**STORED DATA:**
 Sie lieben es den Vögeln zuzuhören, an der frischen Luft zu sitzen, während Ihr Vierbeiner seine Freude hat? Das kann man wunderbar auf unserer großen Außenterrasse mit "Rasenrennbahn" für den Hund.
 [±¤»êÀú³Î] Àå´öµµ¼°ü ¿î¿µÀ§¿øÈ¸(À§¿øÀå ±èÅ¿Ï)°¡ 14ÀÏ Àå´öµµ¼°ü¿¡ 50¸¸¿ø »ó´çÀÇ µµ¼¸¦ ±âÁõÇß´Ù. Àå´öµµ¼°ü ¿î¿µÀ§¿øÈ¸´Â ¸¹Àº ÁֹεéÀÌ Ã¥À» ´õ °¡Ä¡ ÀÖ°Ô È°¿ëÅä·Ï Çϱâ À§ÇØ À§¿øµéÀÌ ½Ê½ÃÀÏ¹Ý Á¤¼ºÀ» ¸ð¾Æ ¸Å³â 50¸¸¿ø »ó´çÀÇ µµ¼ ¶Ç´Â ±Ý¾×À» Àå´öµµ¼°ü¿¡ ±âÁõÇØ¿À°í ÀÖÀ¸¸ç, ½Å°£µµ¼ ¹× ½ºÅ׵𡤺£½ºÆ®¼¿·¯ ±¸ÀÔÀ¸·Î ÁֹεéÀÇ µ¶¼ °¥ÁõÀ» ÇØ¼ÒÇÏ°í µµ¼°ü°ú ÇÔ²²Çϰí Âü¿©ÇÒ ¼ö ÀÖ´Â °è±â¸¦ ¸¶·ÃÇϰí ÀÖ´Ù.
--
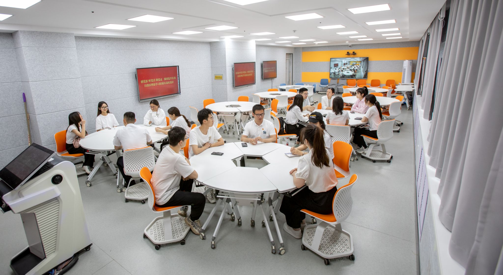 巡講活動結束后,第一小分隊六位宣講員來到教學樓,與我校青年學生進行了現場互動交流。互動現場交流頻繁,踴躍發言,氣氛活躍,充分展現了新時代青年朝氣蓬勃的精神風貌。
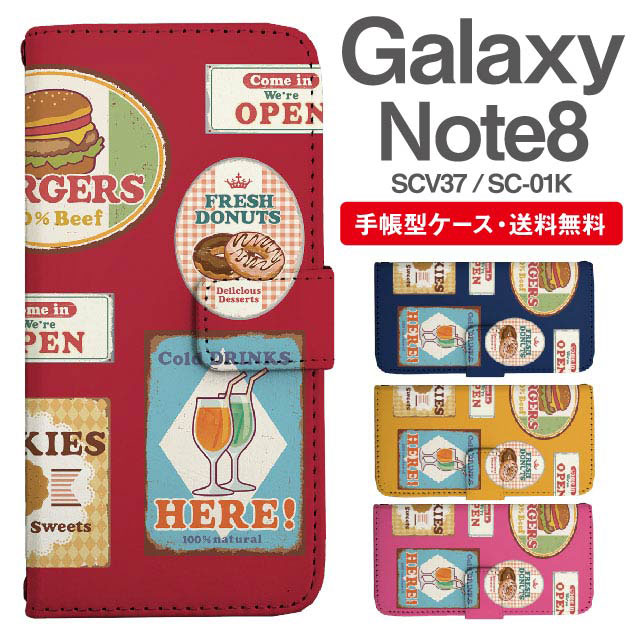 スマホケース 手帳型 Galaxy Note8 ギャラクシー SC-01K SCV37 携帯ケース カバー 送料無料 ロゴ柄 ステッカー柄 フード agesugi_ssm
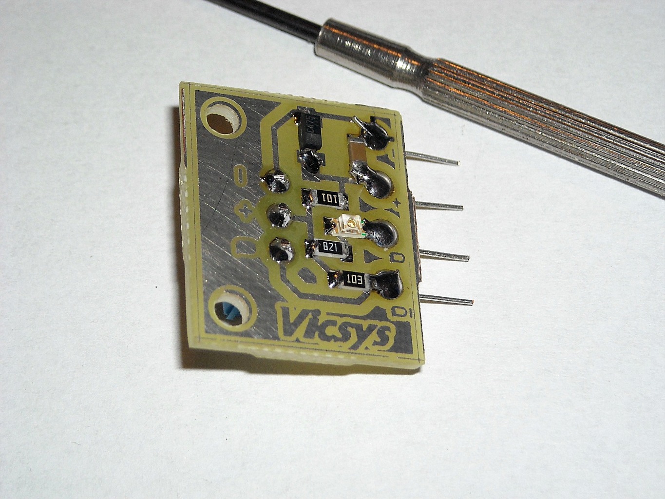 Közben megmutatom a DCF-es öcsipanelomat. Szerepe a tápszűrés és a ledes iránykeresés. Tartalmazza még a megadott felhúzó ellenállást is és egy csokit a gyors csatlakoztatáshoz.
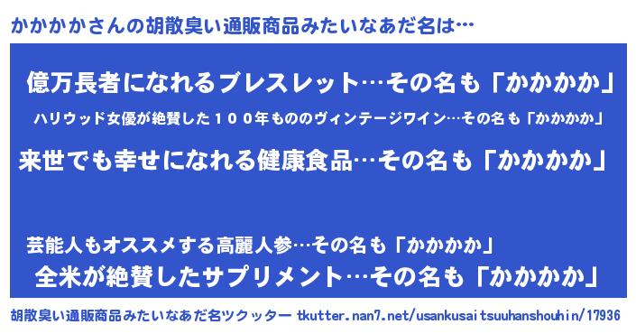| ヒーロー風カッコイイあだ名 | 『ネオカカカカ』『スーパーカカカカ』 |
==
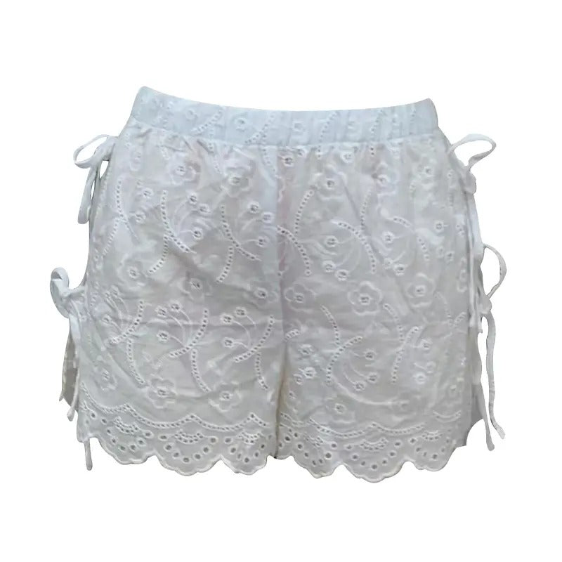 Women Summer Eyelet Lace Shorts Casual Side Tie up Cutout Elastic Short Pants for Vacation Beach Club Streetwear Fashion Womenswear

**TASK TO COMPLETE:** Retype, exactly and in full, the lines above from the one containing "Sie lieben es" through the one containing "ÀÖ´Â °è±â¸¦ ¸¶·ÃÇϰí ÀÖ´Ù.".

**RESPONSE AREA:**
 Sie lieben es den Vögeln zuzuhören, an der frischen Luft zu sitzen, während Ihr Vierbeiner seine Freude hat? Das kann man wunderbar auf unserer großen Außenterrasse mit "Rasenrennbahn" für den Hund.
 [±¤»êÀú³Î] Àå´öµµ¼°ü ¿î¿µÀ§¿øÈ¸(À§¿øÀå ±èÅ¿Ï)°¡ 14ÀÏ Àå´öµµ¼°ü¿¡ 50¸¸¿ø »ó´çÀÇ µµ¼¸¦ ±âÁõÇß´Ù. Àå´öµµ¼°ü ¿î¿µÀ§¿øÈ¸´Â ¸¹Àº ÁֹεéÀÌ Ã¥À» ´õ °¡Ä¡ ÀÖ°Ô È°¿ëÅä·Ï Çϱâ À§ÇØ À§¿øµéÀÌ ½Ê½ÃÀÏ¹Ý Á¤¼ºÀ» ¸ð¾Æ ¸Å³â 50¸¸¿ø »ó´çÀÇ µµ¼ ¶Ç´Â ±Ý¾×À» Àå´öµµ¼°ü¿¡ ±âÁõÇØ¿À°í ÀÖÀ¸¸ç, ½Å°£µµ¼ ¹× ½ºÅ׵𡤺£½ºÆ®¼¿·¯ ±¸ÀÔÀ¸·Î ÁֹεéÀÇ µ¶¼ °¥ÁõÀ» ÇØ¼ÒÇÏ°í µµ¼°ü°ú ÇÔ²²Çϰí Âü¿©ÇÒ ¼ö ÀÖ´Â °è±â¸¦ ¸¶·ÃÇϰí ÀÖ´Ù.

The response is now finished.